Libtards, just an advisory:  When our rights under the First Amendment are taken away from us…we’ll just have to go to the next one.


(Hat tip to Val over at Babalu Blog.)

And remember, Denizens – this is the Party of Tolerance™:

There’s only one way the tragic airplane crash in Alaska that ended the life of former-U.S. Senator Ted Stevens could have been better, according to New Hampshire Democratic activist and State Rep. candidate Keith Halloran: If Sarah Palin had been on it.

In a Facebook post, Halloran, who describes himself as “an active local citizen and supporter of NH Governor John Lynch,” said of the plane crash, “Just wish Sarah and Levy were on board.”


Halloran isn’t alone among New Hampshire Democratic leaders in wishing ill toward the controversial former Republican Vice Presidential nominee.

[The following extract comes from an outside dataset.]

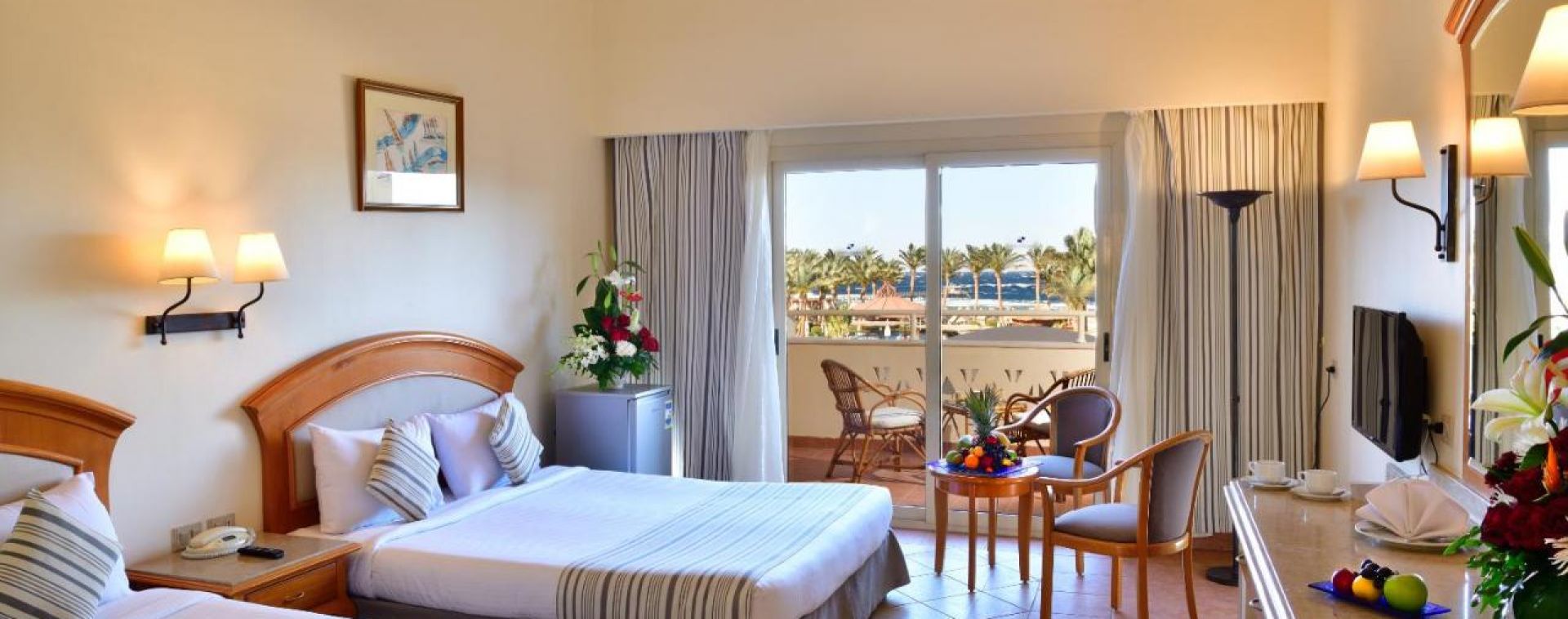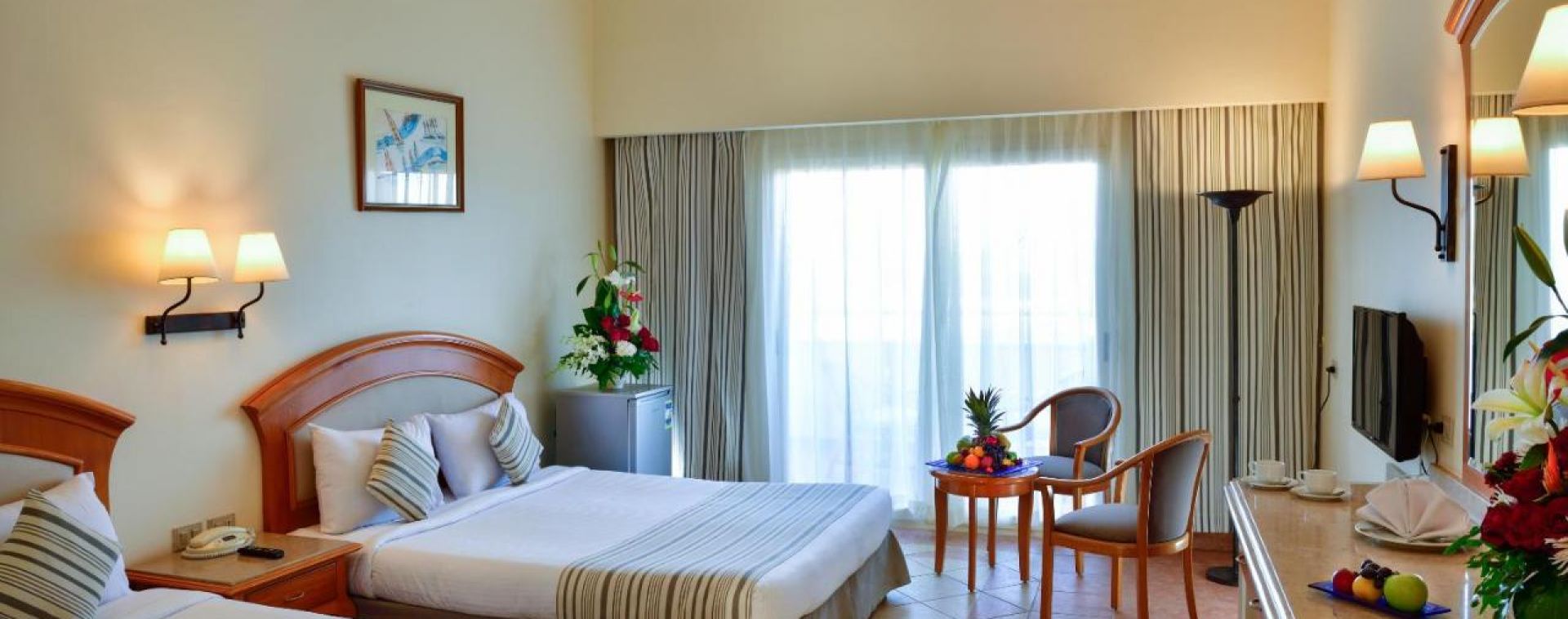 Всички стаи са оборудвани с климатик, телевизор, телефон, баня с вана/душ, сешоар, минибар (платен), сейф (безплатен), сет за чай/кафе, ютия (при запитване), балкон. Почистване на стаите – всеки ден.

Natch Greyes, a staffer for Democratic Rep. and Senate hopeful Paul Hodes tweeted the following on July 21st: “I have to wonder if & or when @sarahpalinusa will learn the meaning of our state motto: “live free or die.”

sNatch, you fucking asswipe, lemme tell you and your fellow chickenshit LaKeitha Halloran something:  When the SHTF, true patriots aren’t going to even consider  giving you the fucking “live free” option.

Let’s just say, pussy, that you’d best keep your distance and continue giving each other those rim jobs underneath the hoop skirts.